Happy Christmas in July!

WHY DOES the Australian hospitality industry dislocate Christmas by seven months (rather than six)?

My theory is that they borrowed the idea from the northern hemisphere, where Christmas seems merely silly in hot weather.

Although previously not unknown, the concept was popularised in late 1940 by a light-hearted Hollywood movie, Christmas in July. The main-title shows the letters of “CHRISTMAS” topped in snow, and “JULY” in flames.

So, it’s merely anachronistic fun, available to greeting card and other commercial interests.

The southern hemisphere shifting the seasons six months gets to the core of our being.

Plum pudding “at 100 degrees in the shade” is a recognised absurdity. But a summer Christmas upsets not only the foods. The seasonal mood is all out of joint.

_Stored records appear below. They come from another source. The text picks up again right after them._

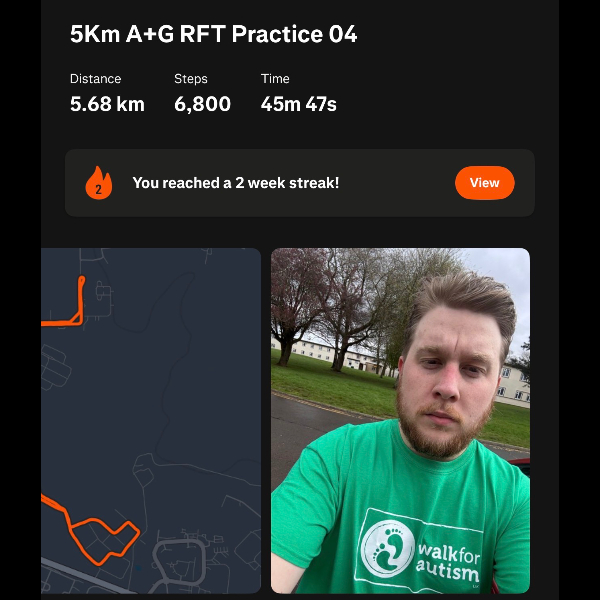 Hello from the Walk for Autism Page! Massive congratulations for the hard work and effort you are putting in, from Kelly, a very tired Special Needs Teaching Assistant who is very much looking forward to sitting down for the rest of the school holidays as soon as I hit my target or 110,000 steps! X Keep it up! Legend!
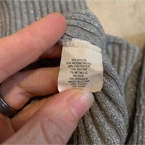 Express, Metallic, Sparkle, Shimmer, Silver, Gray, Ribbed Knit, Turtleneck, Cowl Neck, Fitted, Holiday, Party, Winter, Cozy, Classic, Y2K
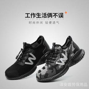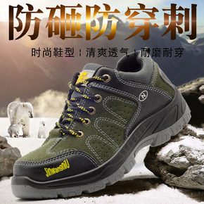 夏季登山劳保鞋男透气网布防滑钢包头防砸安全鞋防砸防...

I have already complained about the Australian Christmas as doubly stressful – enforcing happy family gatherings amid obligatory summer fun.

Christmas is actually meant to bring the New Year promise that life might be a downer now, but it will soon re-awaken – the snow melt, and green shoots appear.

The familiar symbolism offers a glimmer of hope. Candles pierce the gloom. Yule-logs promise warmth. Fir trees stand out against the snow. Red baubles provide colour. Even family gatherings might lend some relief.

In An Alphabet for Gourmets (1949), M.F.K. Fisher observed under “F is for family” that “deliberately assembled relatives can be one of the dullest, if not most dangerous, gatherings in the world”. She saw no reason why “a given set of ill-assorted people, for no other reason than because it is Christmas, will be joyful to be reunited and to break bread together”.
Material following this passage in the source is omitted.